WASHINGTON _ American religious leaders split along generally predictable lines in assessing President Clinton’s performance during his recently concluded trip to China and the human rights comments he made there. Comments by conservative religious broadcaster Pat Robertson provided the only surprise.

Clinton’s nine-day visit ended Friday (July 3). While there, the president _ speaking to students at Beijing University and the Chinese public via a live television broadcast _ called personal freedom the”mandate of the new century”and a requisite for human and economic development.


Those and other such comments drew reluctant praise Tuesday (July 7) from the president’s Republican congressional opponents. Senate Majority Leader Trent Lott, R-Miss. _ while critical of Clinton for his remarks on Taiwan _ said the human rights comments should gain support in the Congress for the president’s effort to again gain”most favored nation”trading status for China.

American religious opinion on U.S. policy toward China is split.

Moderate and liberal groups tend to support Clinton’s belief that full U.S. engagement tempered by diplomatically acceptable criticism of the often harsh limitations Beijing imposes on religious and political freedoms is the best way to encourage greater democracy in China.

More conservative groups tend to be highly critical of White House China policy, saying trade issues have been elevated above basic human rights and that Chinese Christians who buck their government’s rigid rules on religious expression are among those most persecuted by Beijing. These groups have urged Clinton to be more forceful in his condemnation of Chinese policies.

Assessments of the Clinton China trip generally split along those lines.

For example, Victor Hsu, the National Council of Churches’ director for east Asia and the Pacific, called Clinton’s visit”quite successful.”The NCC, which has 34 mainline Protestant and Orthodox Christian member denominations, has consistently supported the president’s China policy, arguing additional confrontation would create a backlash in China that would most impact the very religious believers and political dissidents conservative critics say must be helped.”Whether one likes it or not, China is a major power with great influence in the world.

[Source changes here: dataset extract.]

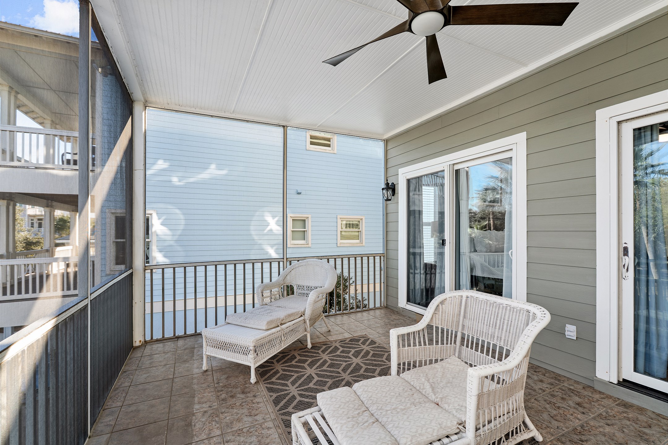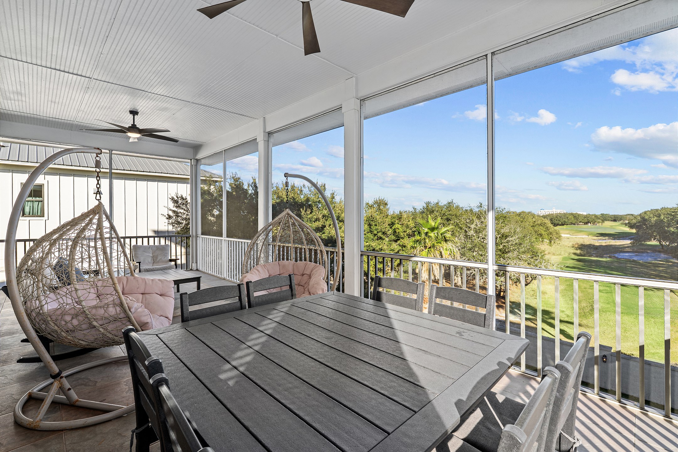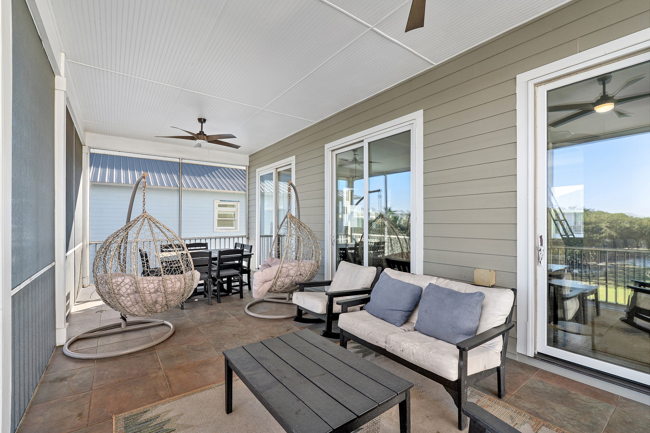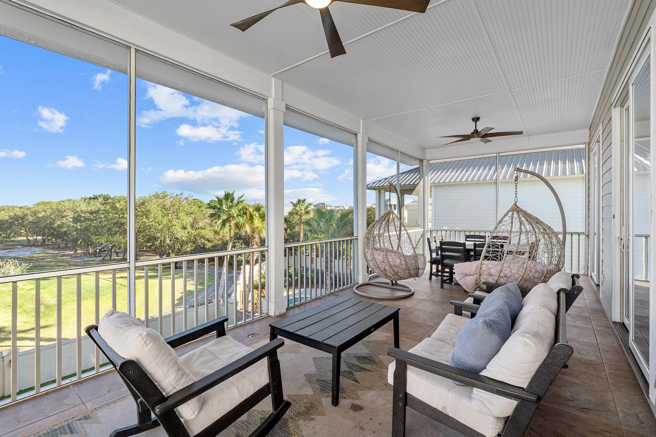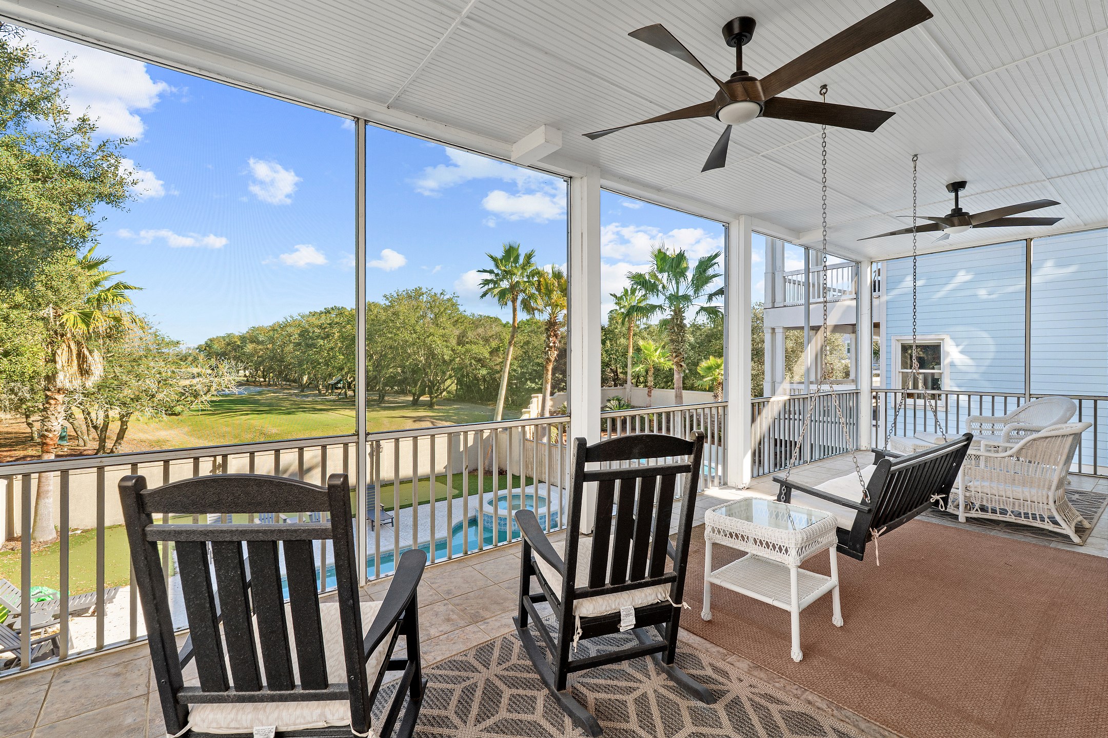 The second floor features two primary suites, both with king beds and access to a screened-in balcony. The first primary suite includes an ensuite bathroom with a dual sink vanity, a walk-in shower, and a jacuzzi tub. The second primary suite offers an ensuite bathroom with a shower and tub combination, providing a comfortable and private retreat for guests. The crow's nest on the top level is filled with natural light and features a twin daybed, creating a fun and relaxing escape.

It is very important for us to keep talking to China regardless of the issue,”said Hsu.”A policy of constructive engagement is best. There is nothing to be gained by second-guessing what the president might have said better.” Hsu said Clinton’s June 28 visit to a Beijing Protestant church for Sunday services”did a lot of good”for religious expression in China because”it showed the Chinese that this is not opposed by the government.” However, the Family Research Council’s Gary Bauer, one of Clinton’s most vocal conservative Christian critics, said the trip”overall continues a failed policy …. For example, during his televised press conference with (Chinese President Jiang Zemin), Clinton continually said `we feel one way about this and you feel another way.'”It had a tone as if there were only minor differences of perspective instead of major differences concerning the nature of man and where our liberty comes from,”Bauer said.

Bauer also insisted that the criticism leveled at Clinton by conservatives in advance of his trip prodded the president to say as much as he did about religious and political rights while in China.

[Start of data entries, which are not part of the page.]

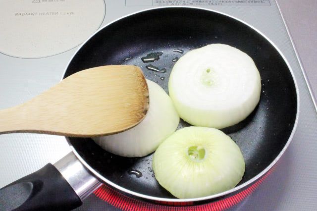 2. フライパンにオリーブオイルを引き、強めの中火で熱します。玉ねぎの断面を下にして並べ、少し押しながらこんがりと焼きます。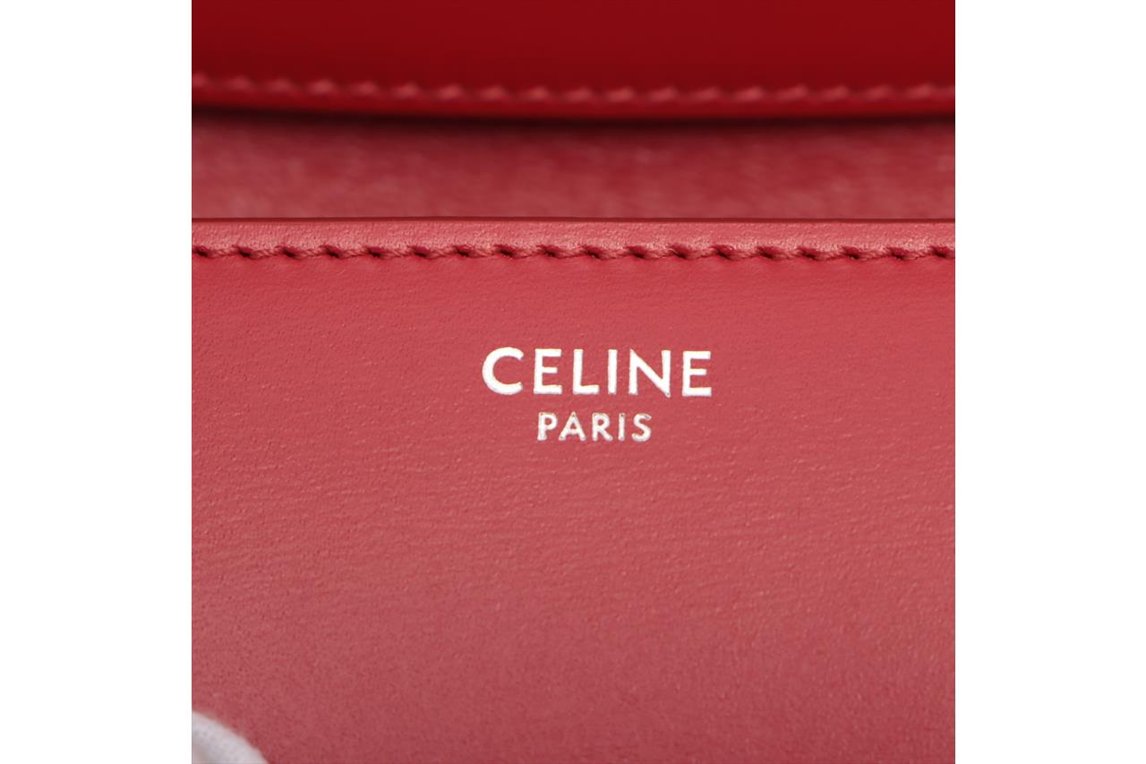 Celine Medium Classic Bag in Box Calfskin Red Leather. Featuring silver-tone hardware, lambskin lining, metallic closure, interior zipped pocket and double flat pockets. Approximate dimensions: 24cm (L) x 19cm (H) x 6cm (D). Accompanied by a removable, adjustable leather strap and Celine dust bags. With Entrupy Certificate of Authenticity. (Pre-owned)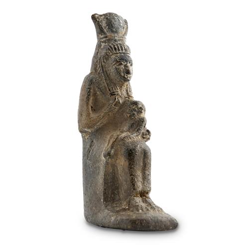 AN EGYPTIAN POTTERY STATUE OF ISIS FEEDING HORUS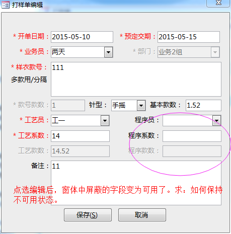 如图所示:求如何保持窗体中 字段的不可用状态!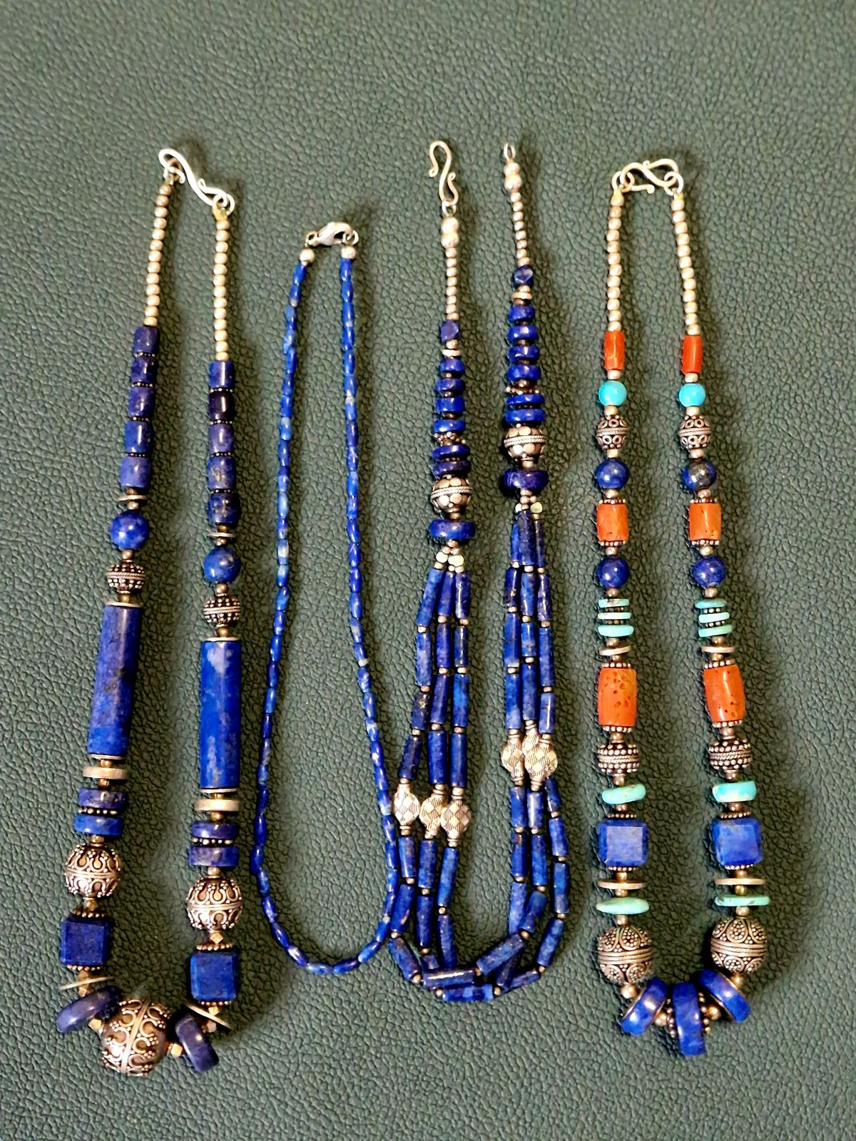 Vedle si všimnu pár obyčejně vypadajících korálů. Jenže oko vidí – a zapínání prozradilo punc 925. Takže přihazuju i je. A aby toho nebylo málo – nádherné korále z lapisu lazuli. Ten temně modrý kámen se zlatavými tečkami pyritu a bílými žilkami kalcitu vypadá skoro jako noční obloha. Každý kus po třiceti korunách. Nosit v igelitce truhlu pokladů – to je ten nejlepší pocit.

The only agreement between Bauer and Hsu was over Taiwan. While in China, Clinton appeared to back away from longstanding U.S. commitments to Taiwan, although the administration has since said it did not. China regards Taiwan as a renegade province.

Both Bauer and Hsu, who was born in Taiwan, said Clinton had hurt Taiwan’s international standing.


Despite his frequent verbal attacks on Clinton, Robertson agreed with religious moderates on the president’s China trip, going so far as to criticize Bauer by name in a Wall Street Journal column. The column ran June 30, while Clinton was still in China.

Calling Bauer’s position isolationist, Robertson said it was”not moral, neither is it realistic. China is simply too big, too important and too powerful to wish away.”Robertson said”helping China reform from within”through full engagement is the”truly moral position.””Leaving a billion people in spiritual darkness punishes not the Chinese government but the Chinese people. The only way to pursue morality is to engage China fully and openly as a friend,”Robertson said.

In an interview, Bauer said he did not advocate isolating China.”This is not about isolating China, but about the terms of engagement with China,”he said.